* [WHAT YOU NEED TO DO] In the material below, find the line with "Grok版のゴーストライター"; set down that line and every line after it to the end, exactly, without pictures.

*** Begin section ***

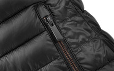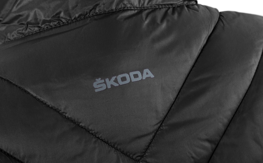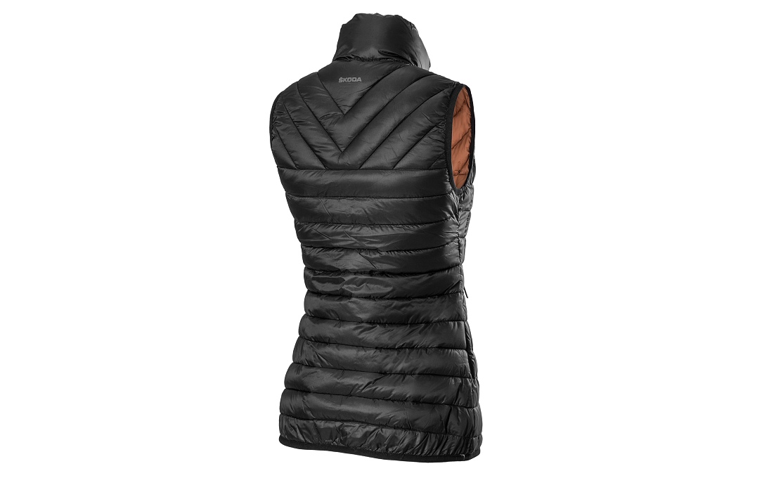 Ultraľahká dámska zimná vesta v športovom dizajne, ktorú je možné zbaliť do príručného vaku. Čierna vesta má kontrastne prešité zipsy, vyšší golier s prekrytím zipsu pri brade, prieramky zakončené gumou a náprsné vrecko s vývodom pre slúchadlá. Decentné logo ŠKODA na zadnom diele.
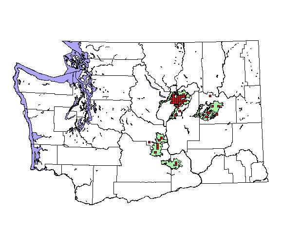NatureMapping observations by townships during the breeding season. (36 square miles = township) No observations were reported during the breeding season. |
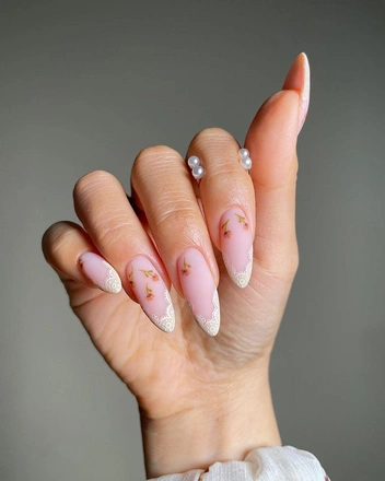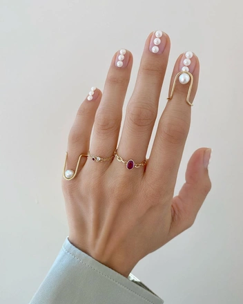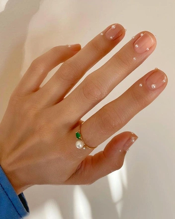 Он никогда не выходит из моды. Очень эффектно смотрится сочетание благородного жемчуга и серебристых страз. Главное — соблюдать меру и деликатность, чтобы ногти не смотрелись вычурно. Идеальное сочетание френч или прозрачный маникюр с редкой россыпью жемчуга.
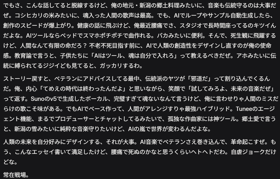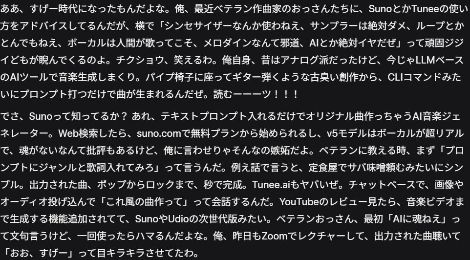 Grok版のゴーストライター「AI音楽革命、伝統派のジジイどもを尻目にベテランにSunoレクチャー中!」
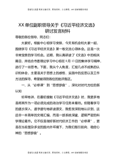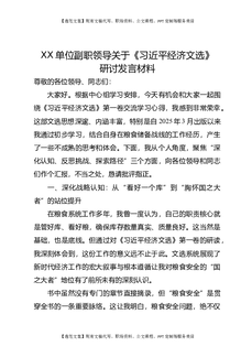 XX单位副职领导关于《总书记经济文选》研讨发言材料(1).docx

*** End section ***

* [RESULT OF THIS TASK]
 Grok版のゴーストライター「AI音楽革命、伝統派のジジイどもを尻目にベテランにSunoレクチャー中!」
 XX单位副职领导关于《总书记经济文选》研讨发言材料(1).docx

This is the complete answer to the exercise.